In conclusion, BDS-5 could be a member of a new family of antiangiogenic compounds, although the mechanism through which it acts has yet to be demonstrated. Further investigations are necessary to demonstrate that BDS-5 is acting without binding to VEGF or to the VEGF receptor. BDS-5 appears to be structurally related to Kunitz-type inhibitor and its antiangiogenic activity might be due to an interaction with an Integrin due to a RGD motif well exposed to the solvent.
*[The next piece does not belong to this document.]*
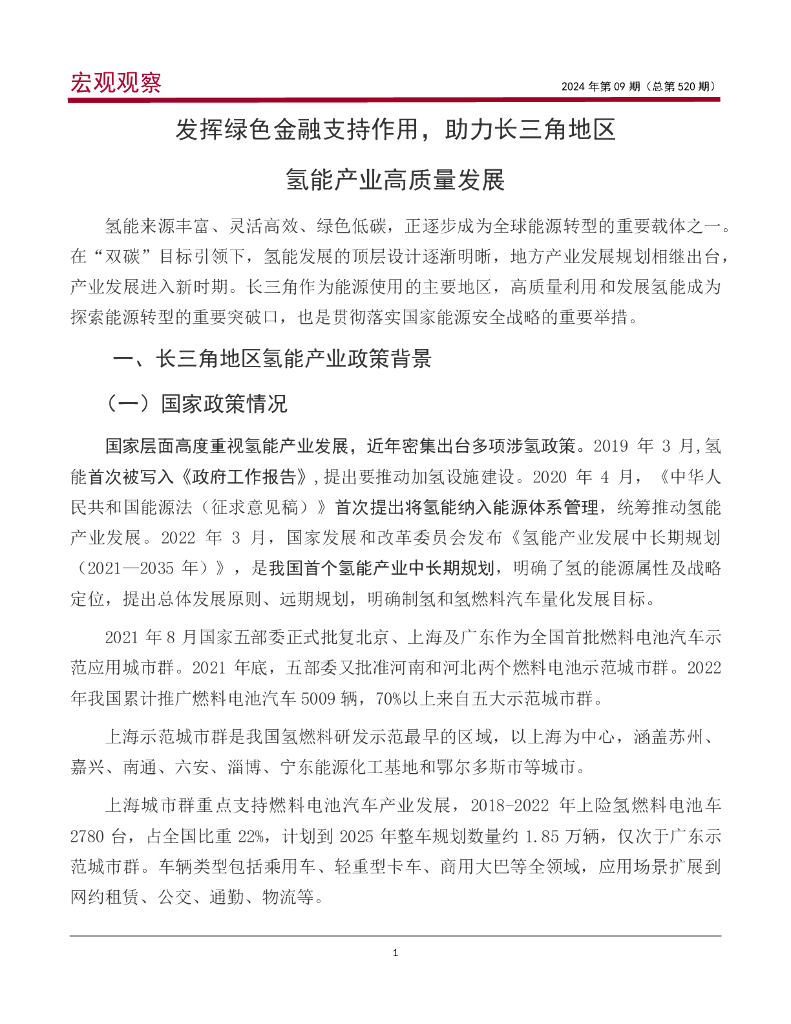 中银研究:《宏观观察》2024年第9期:发挥绿色金融支持作用,助力长三角地区氢能产业高质量发展.pdf

BDS-5 could improve cancer treatment in complementing existing antiangiogenic compounds binding on the VEGF in antiangiogenic combinatory therapies. Complementary pharmacological characterization and structural study with 2D NMR are planned with BDS-5. Chemical synthesis of BDS-5 might open the road to a clinical development in cancer therapy, particularly for children, for whom anti-mitotic compounds have devastating side effects.